→ YOUR ASSIGNMENT:
A faithful retyping of every entry below is wanted, with images left out.

##### SUPPLIED RECORDS #####

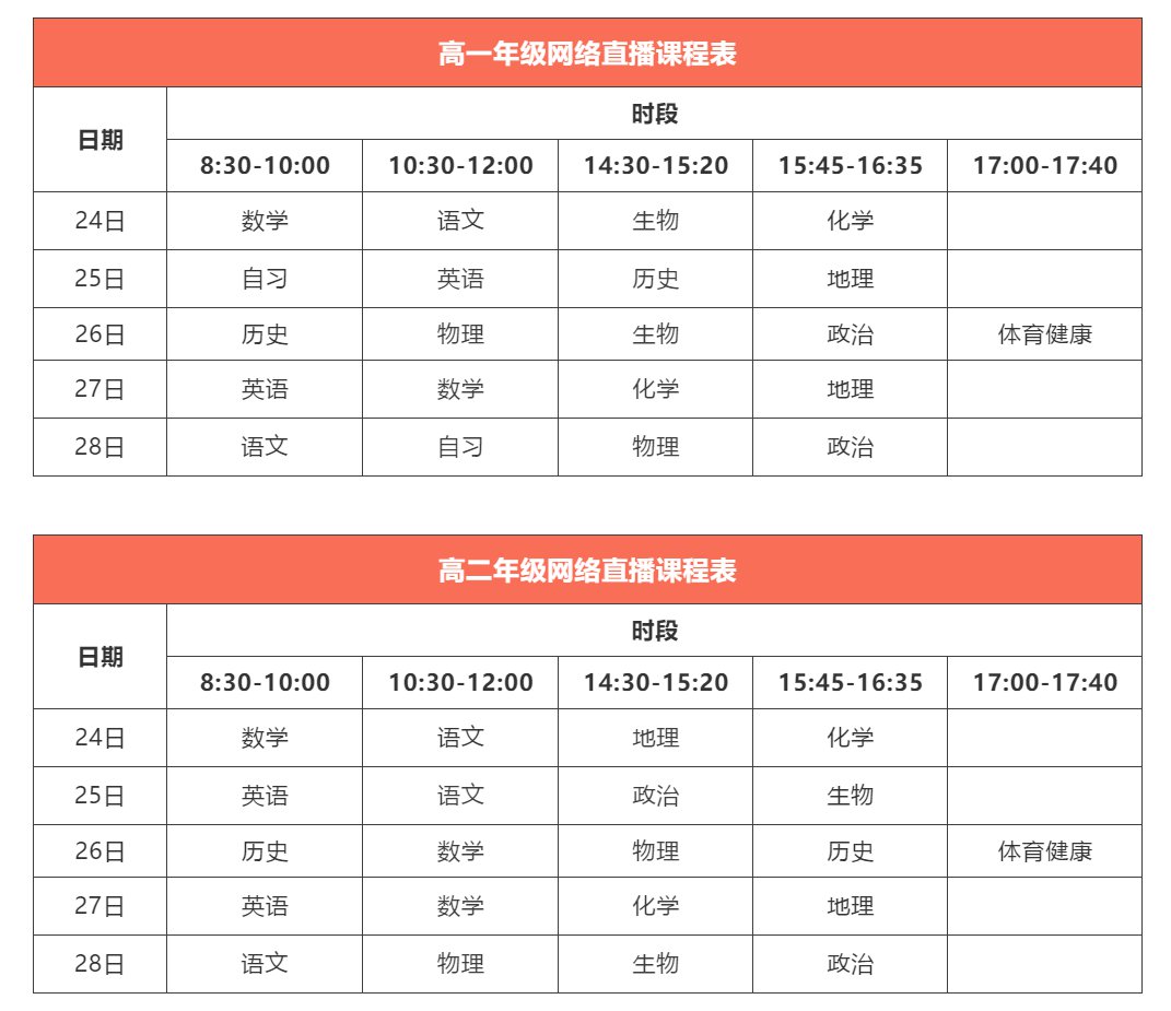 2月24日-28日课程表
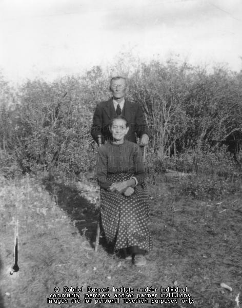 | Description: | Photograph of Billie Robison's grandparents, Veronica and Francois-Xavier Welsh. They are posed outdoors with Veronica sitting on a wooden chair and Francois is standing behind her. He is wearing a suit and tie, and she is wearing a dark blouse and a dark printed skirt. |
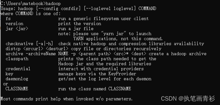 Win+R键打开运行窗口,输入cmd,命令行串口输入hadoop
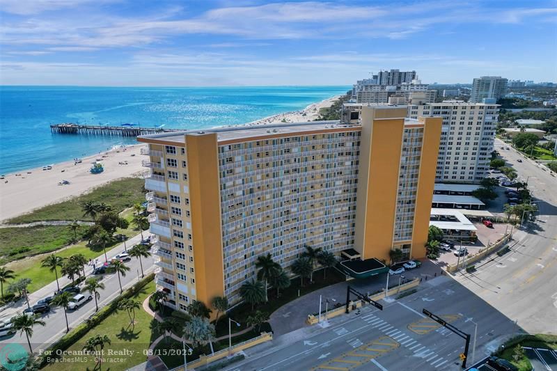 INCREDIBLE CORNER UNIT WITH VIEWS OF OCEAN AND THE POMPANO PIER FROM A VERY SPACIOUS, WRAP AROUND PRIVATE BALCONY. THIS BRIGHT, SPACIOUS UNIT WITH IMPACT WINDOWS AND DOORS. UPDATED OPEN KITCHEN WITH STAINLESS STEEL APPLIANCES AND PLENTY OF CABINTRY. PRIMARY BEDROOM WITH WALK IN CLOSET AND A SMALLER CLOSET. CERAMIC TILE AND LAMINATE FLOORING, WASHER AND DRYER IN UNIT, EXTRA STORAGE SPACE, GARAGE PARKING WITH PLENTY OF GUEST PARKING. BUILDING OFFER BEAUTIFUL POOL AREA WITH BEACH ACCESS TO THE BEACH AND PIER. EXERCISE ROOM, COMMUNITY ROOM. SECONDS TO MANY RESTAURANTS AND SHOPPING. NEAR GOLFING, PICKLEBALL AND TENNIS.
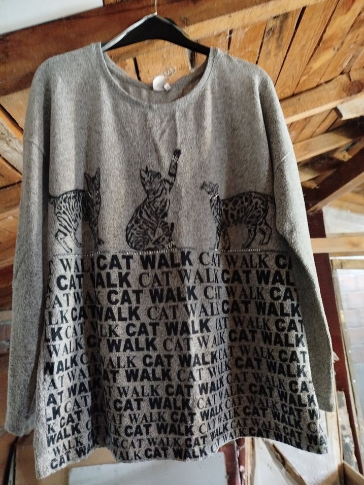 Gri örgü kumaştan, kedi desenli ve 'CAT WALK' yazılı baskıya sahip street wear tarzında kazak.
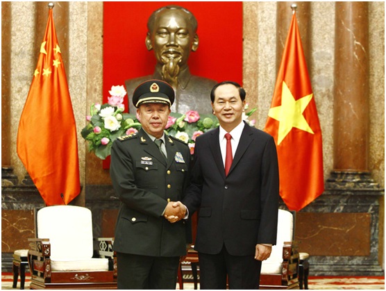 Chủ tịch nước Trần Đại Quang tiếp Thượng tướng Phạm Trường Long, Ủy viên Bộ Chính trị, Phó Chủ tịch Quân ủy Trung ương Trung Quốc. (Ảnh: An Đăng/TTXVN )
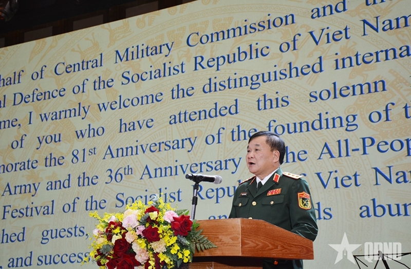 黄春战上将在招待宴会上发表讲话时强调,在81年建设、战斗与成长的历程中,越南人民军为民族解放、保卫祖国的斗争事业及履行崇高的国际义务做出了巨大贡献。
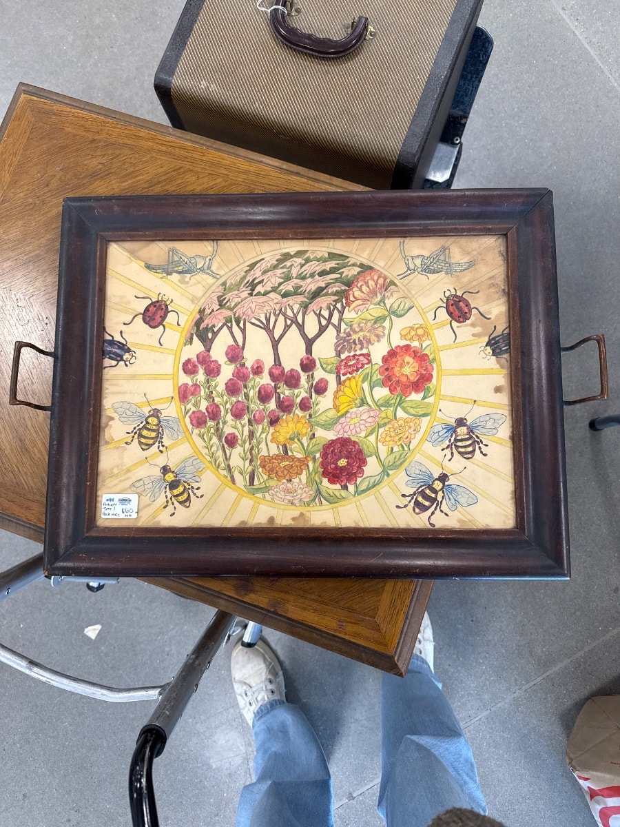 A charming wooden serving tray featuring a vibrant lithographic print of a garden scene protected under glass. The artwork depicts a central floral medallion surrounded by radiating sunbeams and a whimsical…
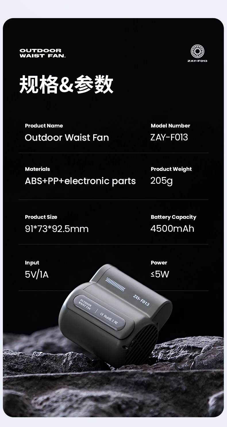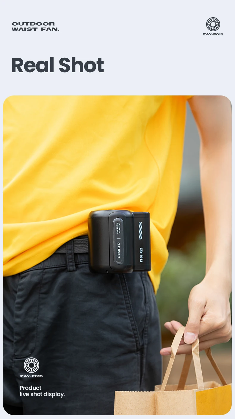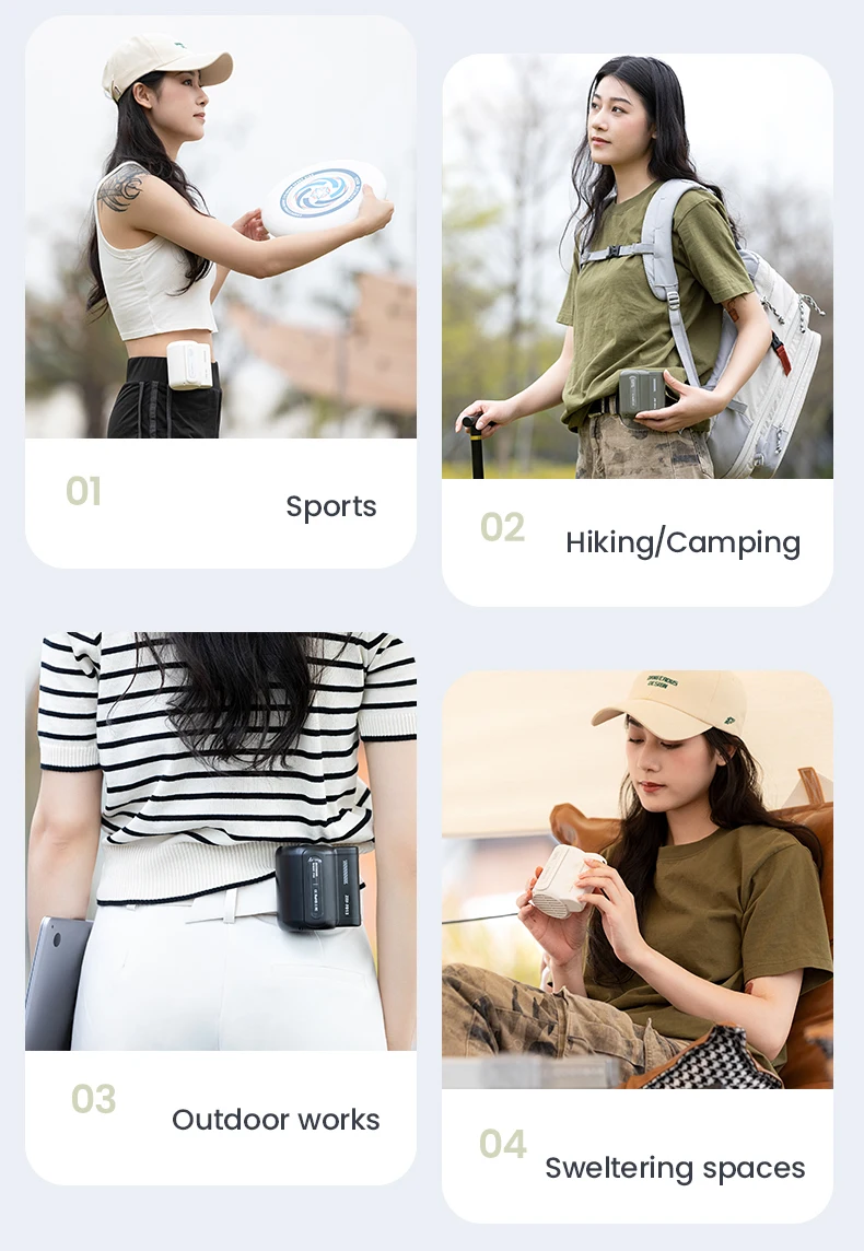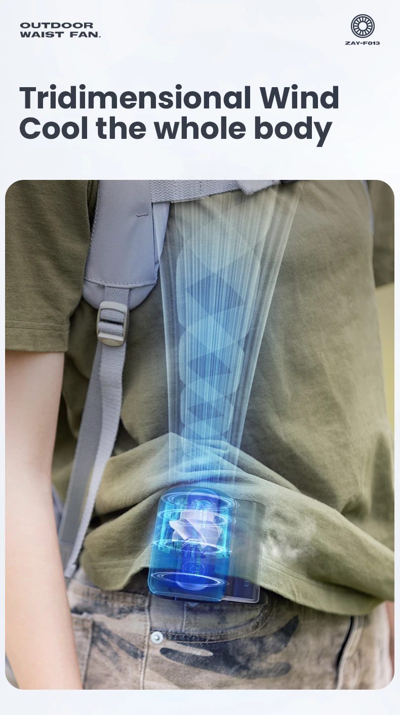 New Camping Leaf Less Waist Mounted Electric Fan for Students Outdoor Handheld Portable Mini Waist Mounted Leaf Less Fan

#####

→ REPLY:
 2月24日-28日课程表
 | Description: | Photograph of Billie Robison's grandparents, Veronica and Francois-Xavier Welsh. They are posed outdoors with Veronica sitting on a wooden chair and Francois is standing behind her. He is wearing a suit and tie, and she is wearing a dark blouse and a dark printed skirt. |
 Win+R键打开运行窗口,输入cmd,命令行串口输入hadoop
 INCREDIBLE CORNER UNIT WITH VIEWS OF OCEAN AND THE POMPANO PIER FROM A VERY SPACIOUS, WRAP AROUND PRIVATE BALCONY. THIS BRIGHT, SPACIOUS UNIT WITH IMPACT WINDOWS AND DOORS. UPDATED OPEN KITCHEN WITH STAINLESS STEEL APPLIANCES AND PLENTY OF CABINTRY. PRIMARY BEDROOM WITH WALK IN CLOSET AND A SMALLER CLOSET. CERAMIC TILE AND LAMINATE FLOORING, WASHER AND DRYER IN UNIT, EXTRA STORAGE SPACE, GARAGE PARKING WITH PLENTY OF GUEST PARKING. BUILDING OFFER BEAUTIFUL POOL AREA WITH BEACH ACCESS TO THE BEACH AND PIER. EXERCISE ROOM, COMMUNITY ROOM. SECONDS TO MANY RESTAURANTS AND SHOPPING. NEAR GOLFING, PICKLEBALL AND TENNIS.
 Gri örgü kumaştan, kedi desenli ve 'CAT WALK' yazılı baskıya sahip street wear tarzında kazak.
 Chủ tịch nước Trần Đại Quang tiếp Thượng tướng Phạm Trường Long, Ủy viên Bộ Chính trị, Phó Chủ tịch Quân ủy Trung ương Trung Quốc. (Ảnh: An Đăng/TTXVN )
 黄春战上将在招待宴会上发表讲话时强调,在81年建设、战斗与成长的历程中,越南人民军为民族解放、保卫祖国的斗争事业及履行崇高的国际义务做出了巨大贡献。
 A charming wooden serving tray featuring a vibrant lithographic print of a garden scene protected under glass. The artwork depicts a central floral medallion surrounded by radiating sunbeams and a whimsical…
 New Camping Leaf Less Waist Mounted Electric Fan for Students Outdoor Handheld Portable Mini Waist Mounted Leaf Less Fan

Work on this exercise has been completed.